**DATA SEGMENT**

▶

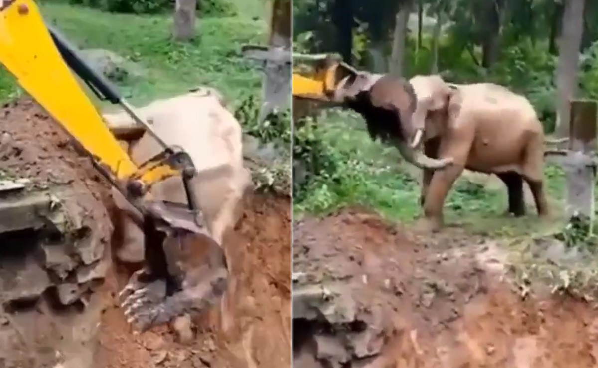 वायरल हो रहे इस वीडियो में देखा जा सकता है कि कैसे एक हाथी को गड्ढे से बाहर निकाला जा रहा है. हाथी गड्ढे से बाहर निकलने के लिए संघर्ष करता दिख रहा है. लेकिन जेसीबी की मदद से बाहर निकल जाता है.
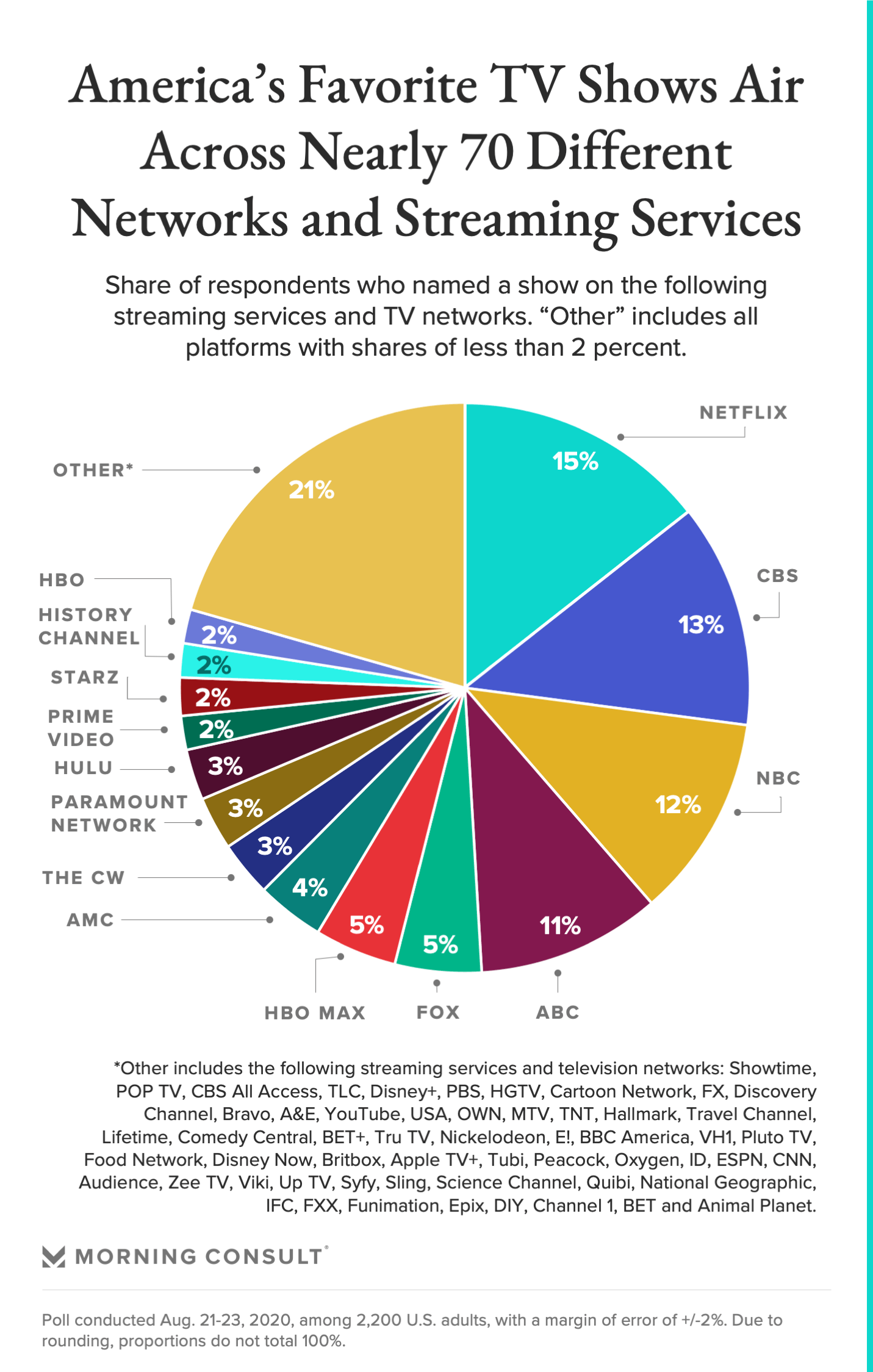 Respondents in an Aug. 21-23 survey were provided a blank space and asked to name, in their opinion, the best TV show that has aired new episodes in the past year. Sixty-eight of the 1,650 U.S. adults who named a TV program, or 4 percent, listed the CBS procedural “NCIS” as the best program, making it the most loved in the poll. Forty-nine respondents said the same of Paramount Network’s “Yellowstone,” while 46 selected NBC’s “This Is Us.” Those three shows make up roughly 10 percent of responses in the survey, which was conducted among 2,200 U.S. adults and has an overall margin of error of 2 percentage points.
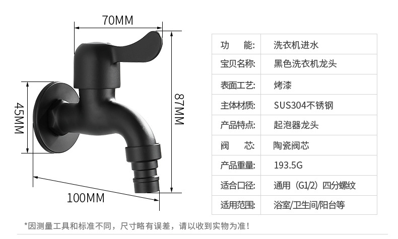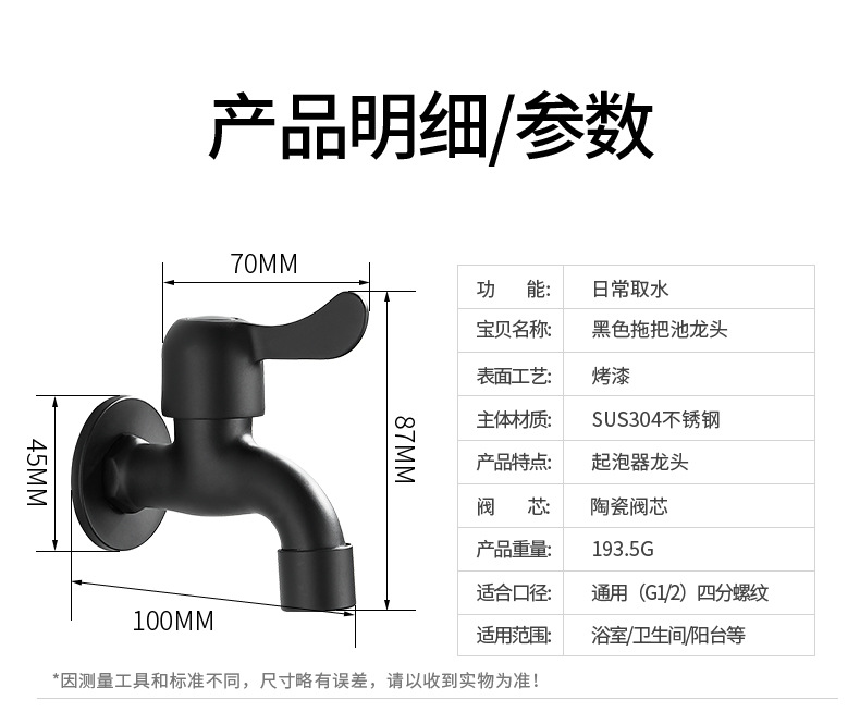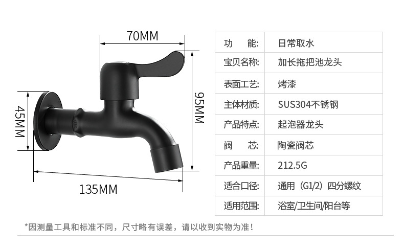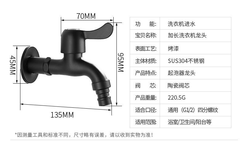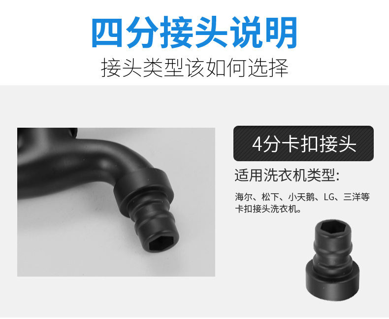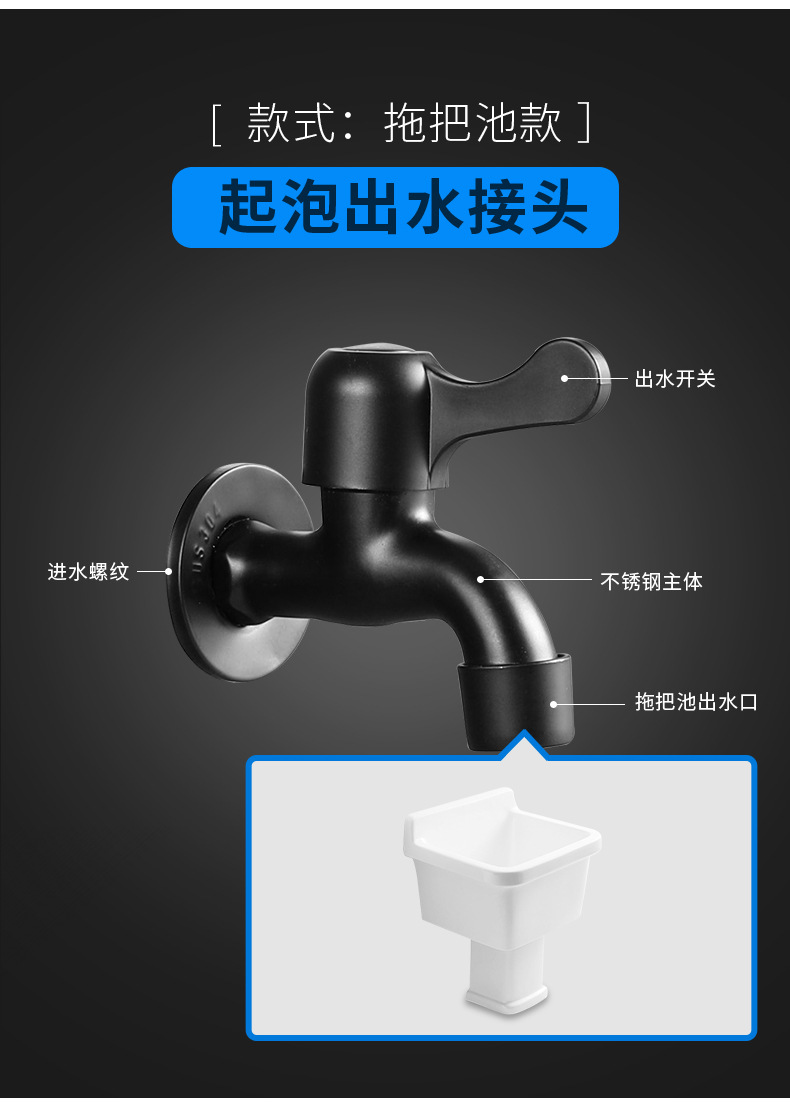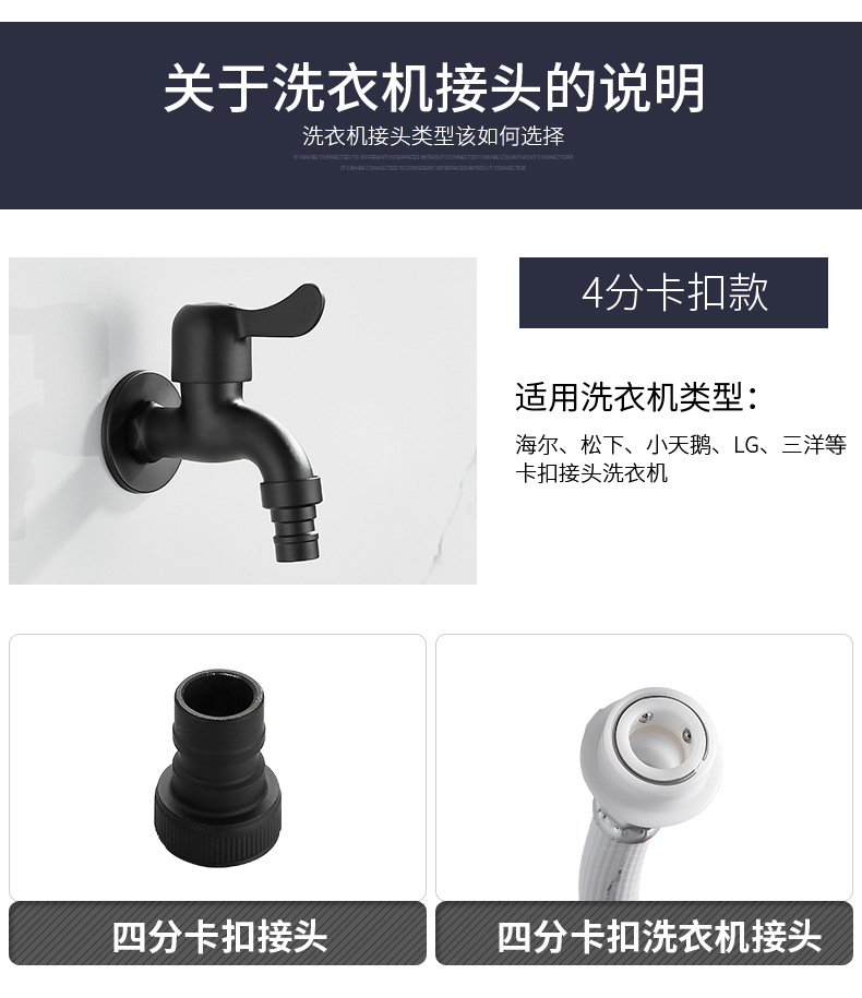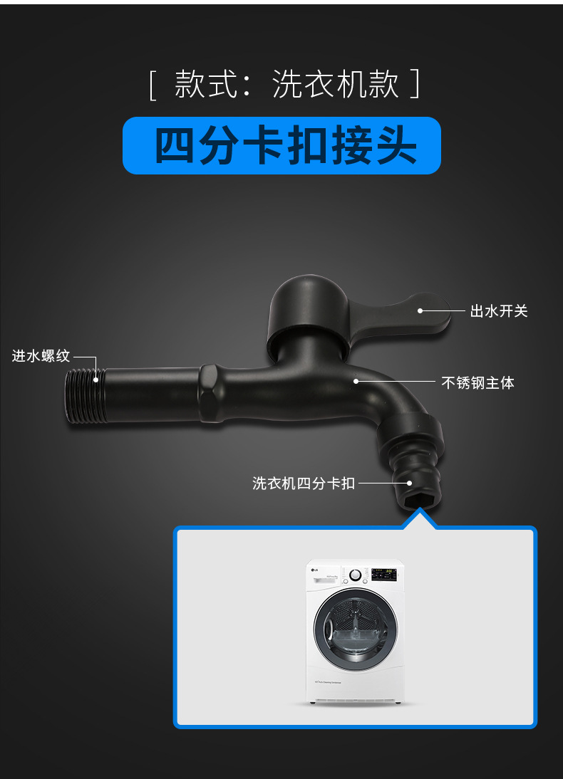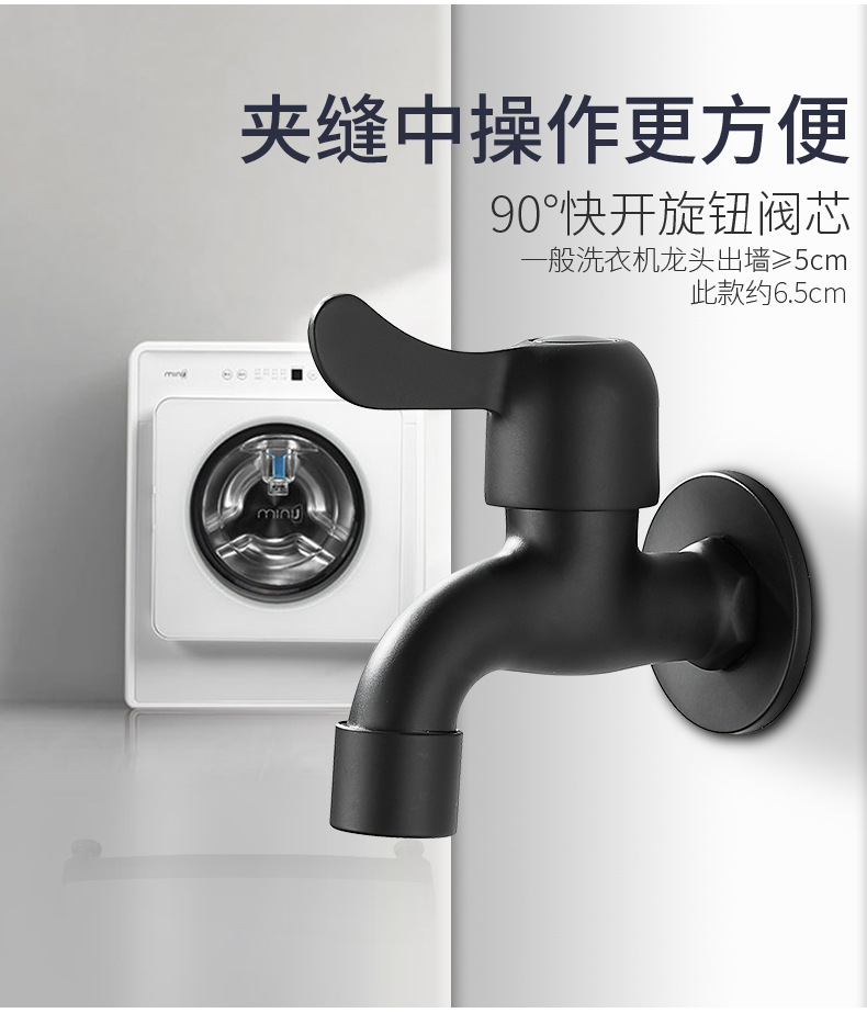 Black Paint 304 Stainless Steel Faucet Washing Machine Water Tap 4 Points Quick Opening Lengthened Mop Pool Balcony Small Water Faucet

◀

**EXERCISE BRIEF**
Exactly the lines from the line with "Respondents in an" through the last line of the listing, both included, should be extracted, and the pictures left behind.

**SOLUTION FOR THIS EXERCISE**
 Respondents in an Aug. 21-23 survey were provided a blank space and asked to name, in their opinion, the best TV show that has aired new episodes in the past year. Sixty-eight of the 1,650 U.S. adults who named a TV program, or 4 percent, listed the CBS procedural “NCIS” as the best program, making it the most loved in the poll. Forty-nine respondents said the same of Paramount Network’s “Yellowstone,” while 46 selected NBC’s “This Is Us.” Those three shows make up roughly 10 percent of responses in the survey, which was conducted among 2,200 U.S. adults and has an overall margin of error of 2 percentage points.
 Black Paint 304 Stainless Steel Faucet Washing Machine Water Tap 4 Points Quick Opening Lengthened Mop Pool Balcony Small Water Faucet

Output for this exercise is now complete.